Slashdot Mirror
ABIT's Secure IDE Motherboard
Frank Caviggia writes "The Inquirer has a story about ABIT's spiffy new IC7-MAX3 motherboard. Apparently, this motherboard has a feature called 'Secure IDE,' which is marketing-speak for hardware-based encryption ... ABIT goes on to claim that 'Secure IDE' 'will keep government supercomputers busy for weeks and will keep the RIAA away from your Kazaa files.' Pretty bold claims for a motherboard maker ..."
Nothing is ever completely secure, but I could see where this would help some. Genuinely a cool idea, but I'll wait a couple of years to see if it matures some first.
US Democracy:The best person for the job (among These pre-selected choices...)

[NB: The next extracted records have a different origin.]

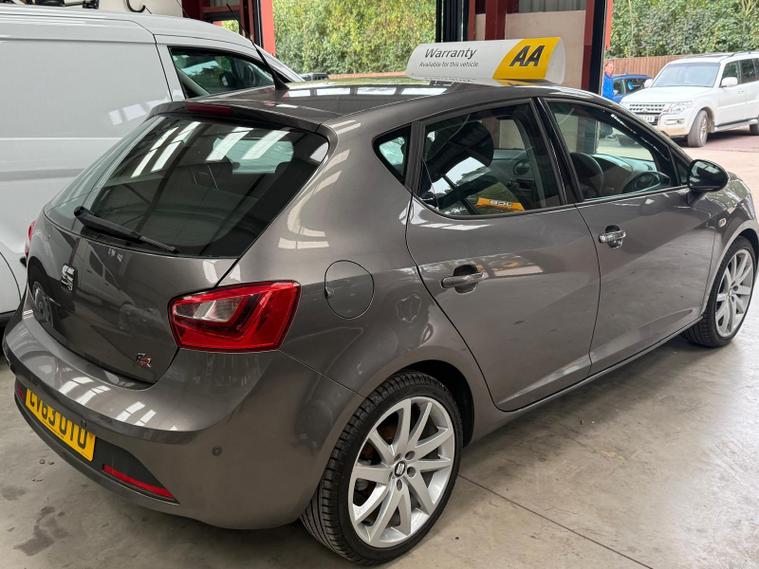 SEAT Ibiza 1.2 TSI FR Euro 5 5dr, CV63OTU, 2014 (63), 148, 920 miles, Petrol, Manual, Grey, ULEZ. Great condition car, drives perfectly, Full service history. Just serviced by us and sold with 12 months MOT. All our vehicles will come with minimum 3 months AA warranty, nationwide delivery, part exchange welcome. For other stock please view our retailer stores page, please call text or WhatsApp for more information. Book your live video or in person appointment today. All vehicles available for test drive. PLEASE READ OUR REVIEWS. FEATURED SPEC: 12 Volt Power Supply in Centre Console, 16in Alloy Wheels - Cartago, AUX-In Port, Air Conditioning, Cornering Function, Cruise Control, Electric Windows - Front with One-Touch and Anti-Squeeze, Electrically Adjustable and Heated Door Mirrors, Electronic Stability Control - ESC, Front Fog Lights with Cornering Function, Front Passenger Airbag De-Activation, Headlights - Electric Adjustment, Leather Gear Knob, Leather Steering Wheel, Sports Suspension, Steering Wheel - Audio Controls, Tinted Windows PLUS MUCH MORE!.
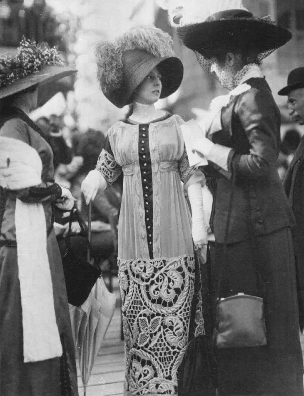 1911年,在英國倫敦街頭,一些穿著高級時裝的女性。
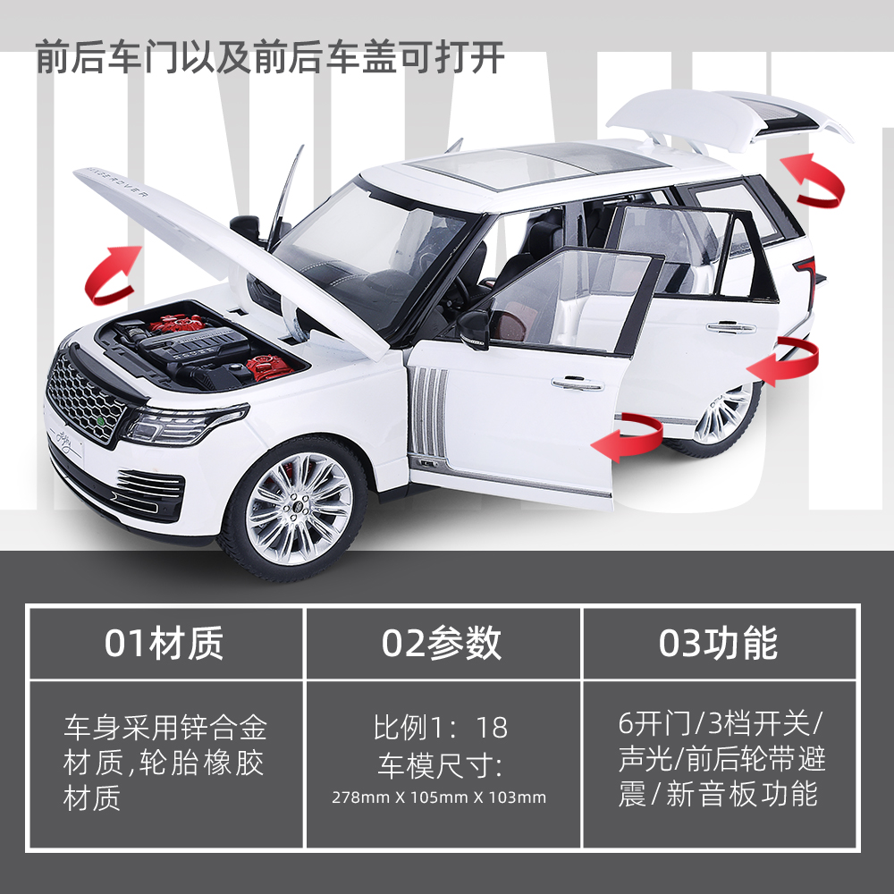 黑曼巴1/18路虎揽胜50周年风云纪念版合金汽车模型大号越野车盒装

Here's the bit on secure IDE:
For MAX3, the ABIT Engineers listened to users who were asking for information security. SecureIDE connects to your IDE hard disk and has a special decoder; without a special key, your hard disk cannot be opened by anyone. Thus hackers and would be information thieves cannot access your hard disk, even if they remove it from your PC. Protect your privacy and keep anyone from snooping into your information. Lock down your hard disk, not with a password, but with encryption. A password can be cracked by software in a few hours. ABIT's SecureIDE will keep government supercomputers busy for weeks and will keep the RIAA away from your Kazaa files.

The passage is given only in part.